== Segment start ==

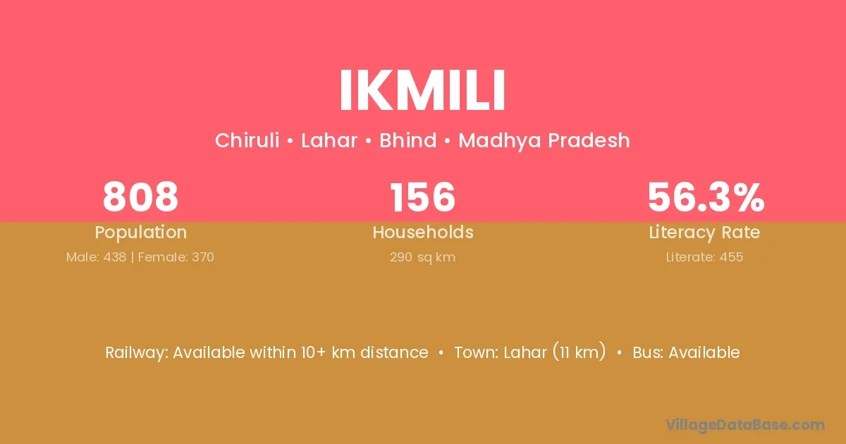 Lahar (11 km) is the nearest town to Ikmili village for major economic activities and is located approximately 11 km away.
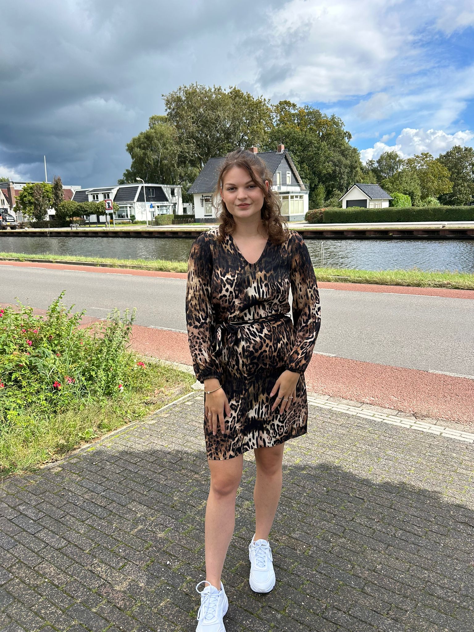 Van Elvira is deze Jurk binnen de Jurk heeft een strik ceintuur aan de voorkant lange mouw en een v-hals. De jurk valt op de knie en heeft een mooie print in bruin zwart en beige.
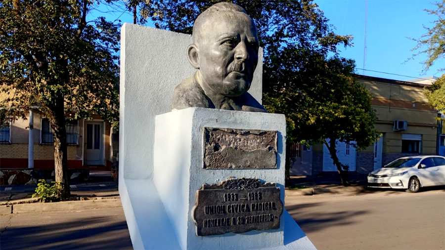 El busto del expresidente Hipólito Yrogoyen, ubicado en el boulevard con su nombre, apareció sin su placa alusiva este jueves. Se trató de un hecho vandálico, según denunciaron desde la UCR ruguayense.
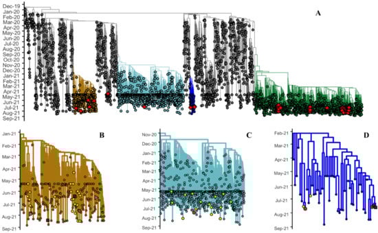 Phylogenetic relationship of SARS-CoV-2, 2019–2021. Global context tree highlighting the different variants: (A) Gamma (gold), Alpha (teal), Mu (blue), and Delta (green). Red diamonds indicate the viruses obtained in this study. The relationships of the different variants detected in the studied patients were magnified into (B) Gamma, (C) Alpha, and (D) Mu. Yellow circles indicate viruses isolated in Mexico. Red circles indicate ambulatory vaccinated patients. Red squares indicate hospitalized vaccinated patients. Pink triangles indicate hospitalized non-vaccinated patients. Sequences used in this analysis were downloaded from the Global Initiative for Sharing All Influenza Data (GISAID) database.

== Segment end ==

Required action:
The result should be a transcript of the lines from the line containing "El busto del" through the end of the listing above, exact, inclusive, and without pictures.

Answer box:
 El busto del expresidente Hipólito Yrogoyen, ubicado en el boulevard con su nombre, apareció sin su placa alusiva este jueves. Se trató de un hecho vandálico, según denunciaron desde la UCR ruguayense.
 Phylogenetic relationship of SARS-CoV-2, 2019–2021. Global context tree highlighting the different variants: (A) Gamma (gold), Alpha (teal), Mu (blue), and Delta (green). Red diamonds indicate the viruses obtained in this study. The relationships of the different variants detected in the studied patients were magnified into (B) Gamma, (C) Alpha, and (D) Mu. Yellow circles indicate viruses isolated in Mexico. Red circles indicate ambulatory vaccinated patients. Red squares indicate hospitalized vaccinated patients. Pink triangles indicate hospitalized non-vaccinated patients. Sequences used in this analysis were downloaded from the Global Initiative for Sharing All Influenza Data (GISAID) database.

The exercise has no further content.